Ela conta, com orgulho, um episódio em que Marighella chegou em casa e a viu passando roupa. “Ele olhou e disse: ‘Clara, não passe roupa quando eu não estiver em casa’. E eu perguntei: por quê, se você não sabe passar?’ E ele respondeu: ‘como eu não sei passar, você passa e eu fico lendo para você em voz alta, para você ouvir’. Quer dizer, enquanto eu ia passando, ia tomando conhecimento do material que eu queria ler. Qual o marido que faz isso?
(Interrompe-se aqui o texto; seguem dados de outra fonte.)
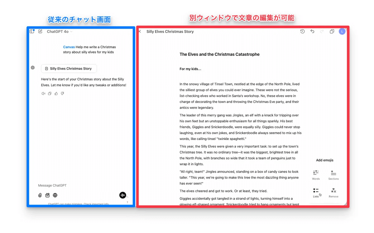 2024年12月11日、4日目の発表として、これまで有料プラン(Plus/Team)向けのベータ機能だった「Canvas」を、無料ユーザーを含む全ユーザーへ開放しました。
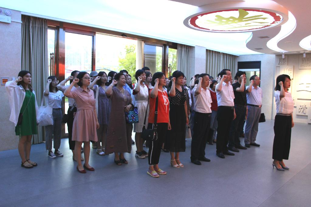 参观学习结束后,师生党员在基地主体大厅面对党旗,重温入党誓词。在文传学院党总支书记于咏梅同志领誓下,王国良同志和文传学院师生一起举起右拳,庄严宣誓。
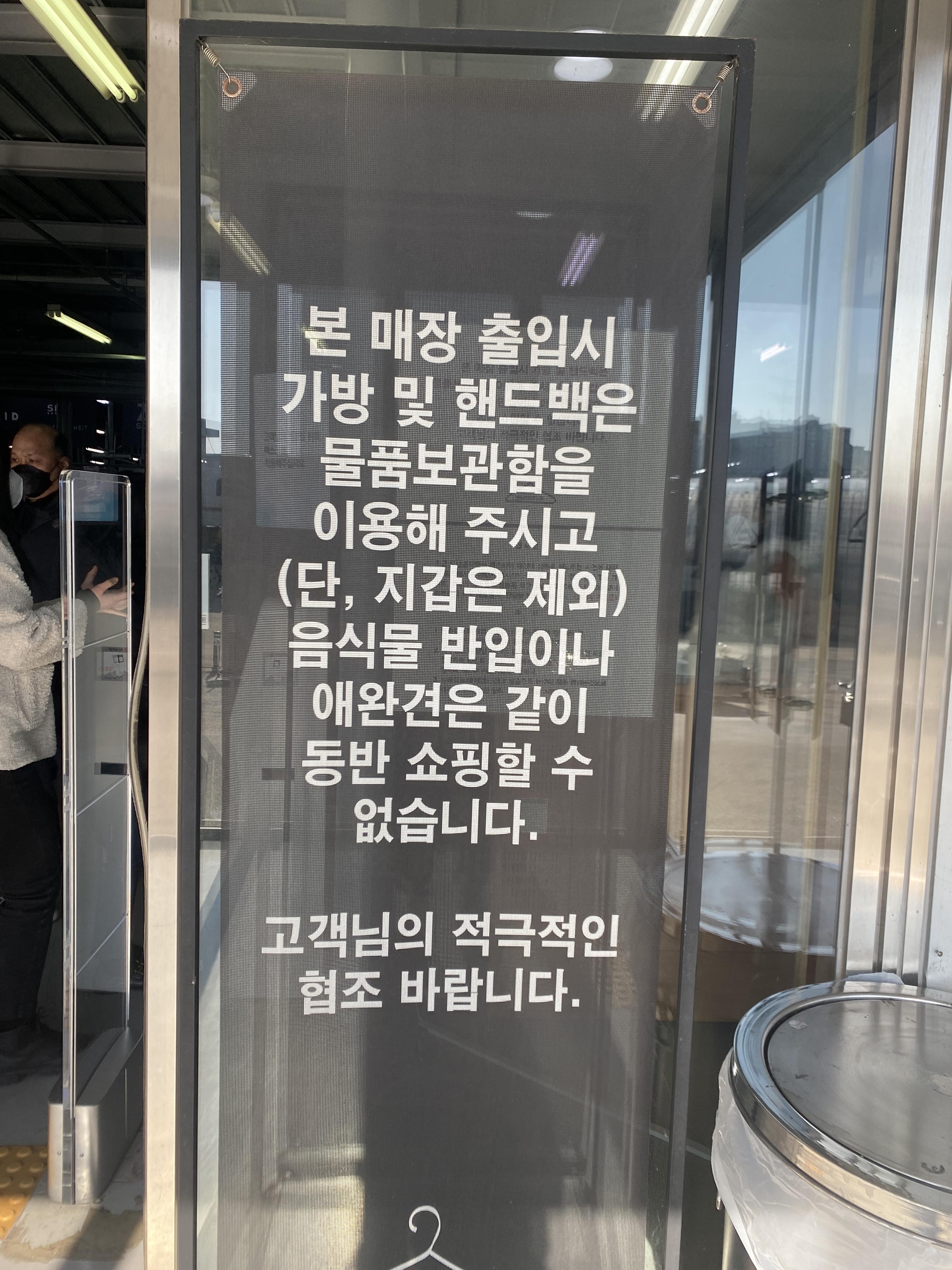 정말 작은 핸드백 들고 계신 여성분이 계셨는데 직원분이 바로 제재하더라고요.

Nisso daí ele foi inédito”, ri.
Clara diz que a única vez que viu Marighella chorar foi durante uma reunião da direção nacional do PCB, quando Diógenes Arruda Câmara voltou de viagem da União das Repúblicas Socialistas Soviéticas (URSS) e confirmou que eram verdadeiras as denúncias contra o regime feitas pelo então primeiro-secretário do Partido Comunista da União Soviética, Nikita Khruschev.
Em seu famoso discurso durante o 20º Congresso dos PCs, em 1956, Khruschev denunciou os crimes cometidos por Joseph Stalin contra a população e seus opositores, abalando toda a militância comunista internacional.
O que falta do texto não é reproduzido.